Developing a LSCI system for retinal imaging in small rodent models may offer a vital tool for studying the physiologic consequences of retinal vascular diseases on retinal hemodynamics prior to and even in the absence of clinically detectable complications which develop in late stage of disease. Consequently, a tool which can effectively study retinal hemodynamics in the early stages of disease can also help to identify novel biomarkers for monitoring disease progression and treatment efficacy in the pre-symptomatic stage of disease. Here we modify a commercial fundus camera into a relatively low-cost, co-axial, and adaptable LSCI system which can deliver temporally and spatially processed speckle contrast images with high spatial and temporal resolution, respectively.

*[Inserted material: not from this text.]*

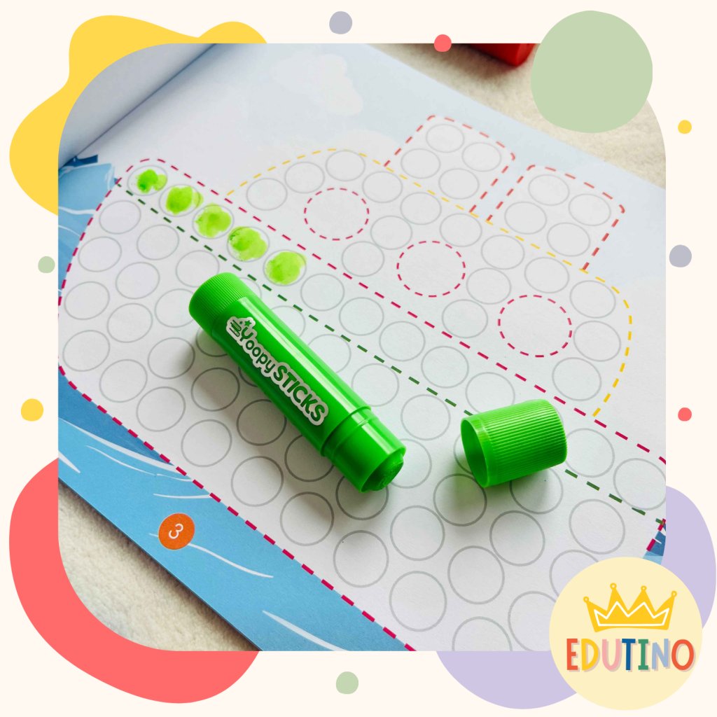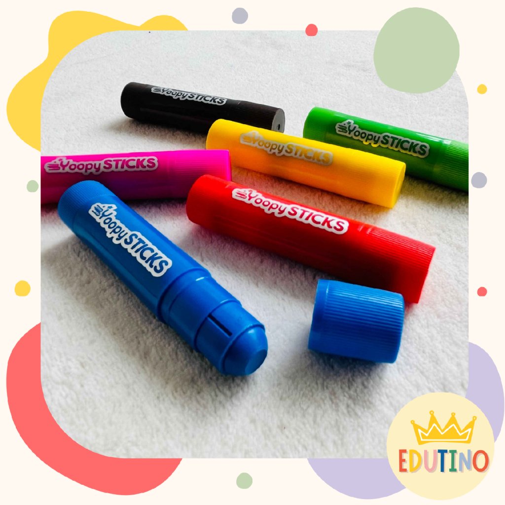 Yoopy sticks sú robustné farebné tyčinky s priemerom 1,5 cm, navrhnuté špeciálne pre deti, ktoré si ešte len osvojujú úchop písacích pomôcok. Skvelé sú najmä na bodkovanie – stačí tyčinku uchopiť a jemne ju otláčať na papier. Táto technika rozvíja jemnú motoriku, koordináciu aj zábavu pri tvorení.
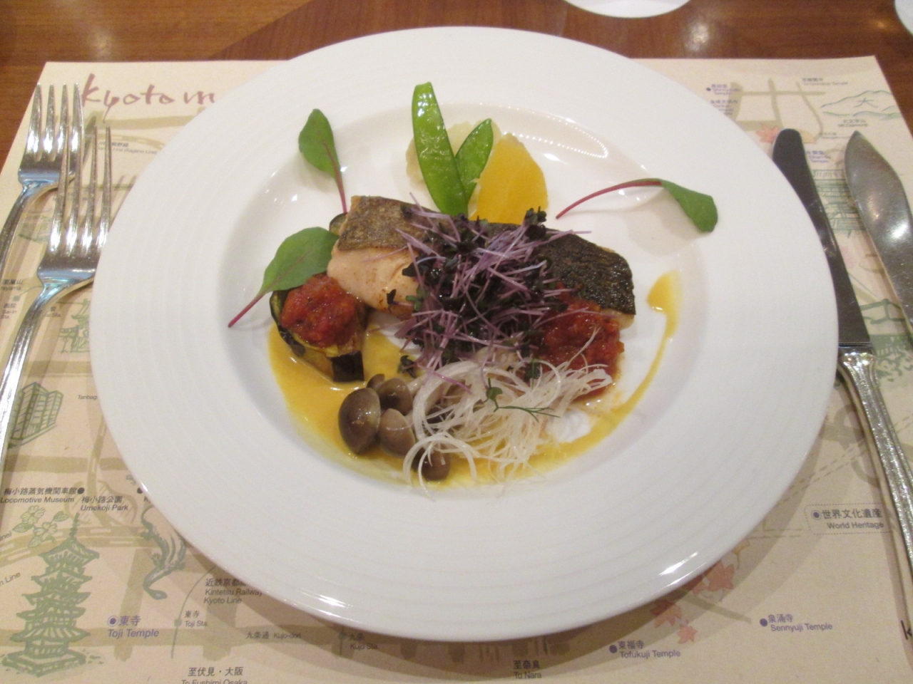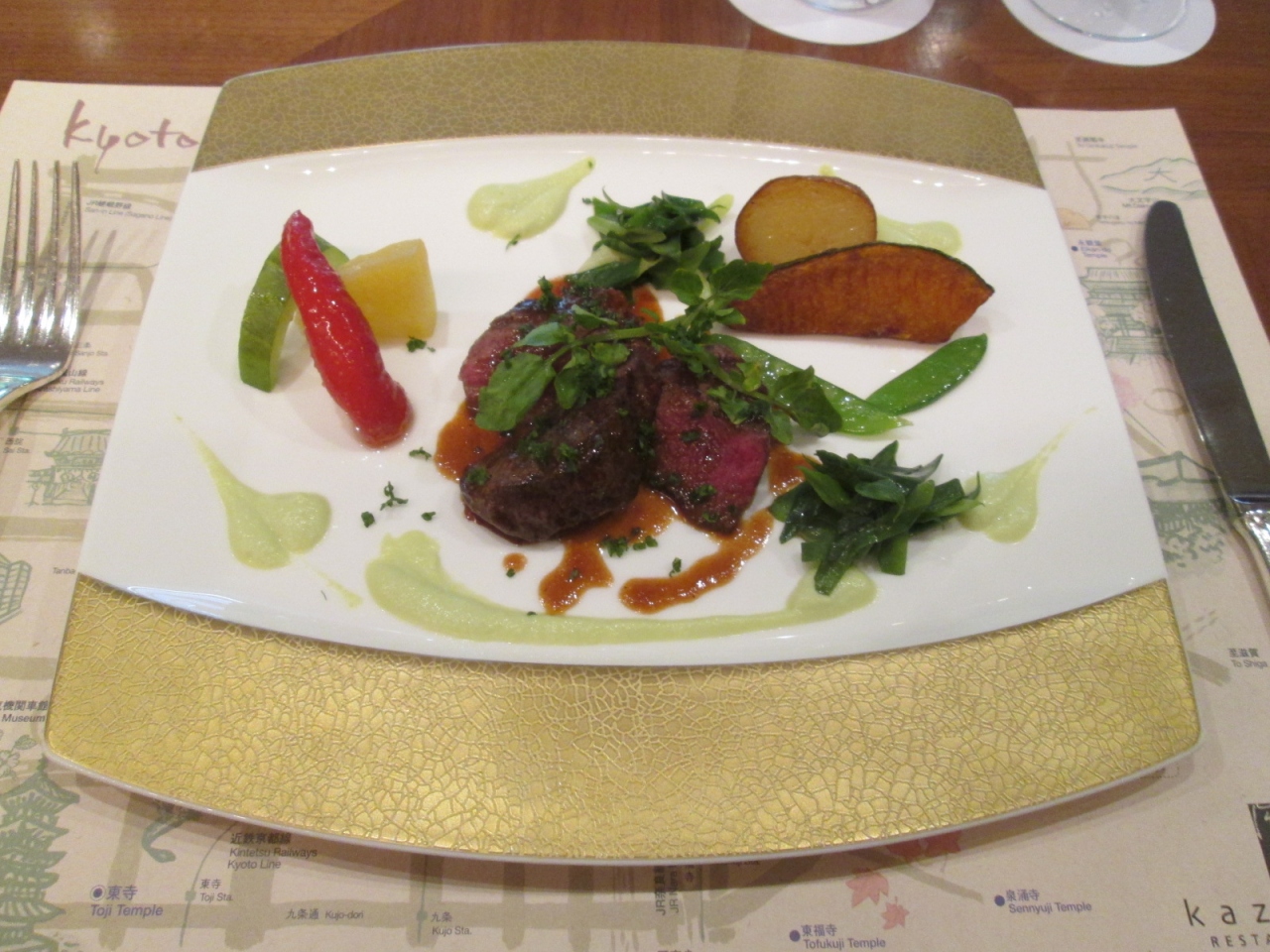 「京都要求ホテル」に初めて訪れました。車寄せから館内に入ると、そこはウェルカム・ロビー。目の前のエスカレーターで地階に降りるとメイン・ロビーという、少し変わったオペレーションのホテルです。メイン・ロビー内にはモダンな和風の中庭が設えられており、その一角に朝食会場としても用いられるレストラン「kazahana」があります。オープン・スペースの店内に分かり易い高級感はありませんが、床は渋めの色のフローリング、木製のテーブルも同様の色使いで落ち着いた雰囲気です。店内の照明は抑えめですが、ガラス窓の向こうに設えられた中庭の景色を際立たせる工夫だと思います。このレストランを予約したのは、”シェフの饗宴”という京都駅周辺ホテルの共同企画メニューを試して見たかったからです。ちなみに今回のテーマは”夏の京”。ランチタイムでの利用だったのですが、ディナータイムのコース料理も注文できるということ、せっかくですからディナー・コースを予約して向いました。料理は…さすが料理に定評の高い東急ホテル、「さすが」と思わせるものでしたし、”夏の京”というテーマ通り、添えられる野菜は万願寺唐辛子などの京野菜、ソースも九条葱など京野菜が用いられており、新鮮な美味しさを楽しむことができました。。料金はスープ・魚料理・肉料理・コーヒーあるいは紅茶のコースで3000円(税・サービス料込)と、お得な料金だと思います。さらにweb予約でワインなどワンドリンク無料ですし、コースのオプションで付けられるグラスのワインも300円と、客側の立場に立った良い工夫もありました。スタッフの接客も丁寧、皆さん優しい笑顔で対応されており、気持ち良い食事の時間を演出して下さいました。ただ少し残念なこともあります。500円の追加で付けられる創作デザートの存在をうっかり忘れ、食べ忘れてしまいました。予め尋ねてくだされば注文したのですが…。また添えられるパンが1種類だけだったのも、少し寂しかったな…。しかし総合的に考えれは、費用対効果に優れた良いレストランだと思います。間違いなく、再び利用すると思います。

With the multi-exposure LSCI approach presented by Parthasaraty et al., we also demonstrate linearity in our τc based estimates of flow rate with true values in a controlled microcapillary flow apparatus. The current optical design and imaging strategy is advantageous for generating contrast-free and wide-field speckle contrast maps of primary and some secondary and tertiary retinal blood vessels without the need for costly high-power lasers or cameras with high frame capture rates. These contrast maps can also be used to determine relative changes to flow rate in primary arterioles and venules in response to blood flow altering stimuli. However, improving the linearity in relative flow estimates and resolution of capillaries and secondary and tertiary blood vessels is a critical consideration in designing a robust LSCI system for studying diseases such as diabetic retinopathy, glaucoma, and Alzheimer’s disease which affect the smaller retinal microvascular networks. In such as case, laser penetration, laser power, camera exposure, and incident light illumination become paramount design factors.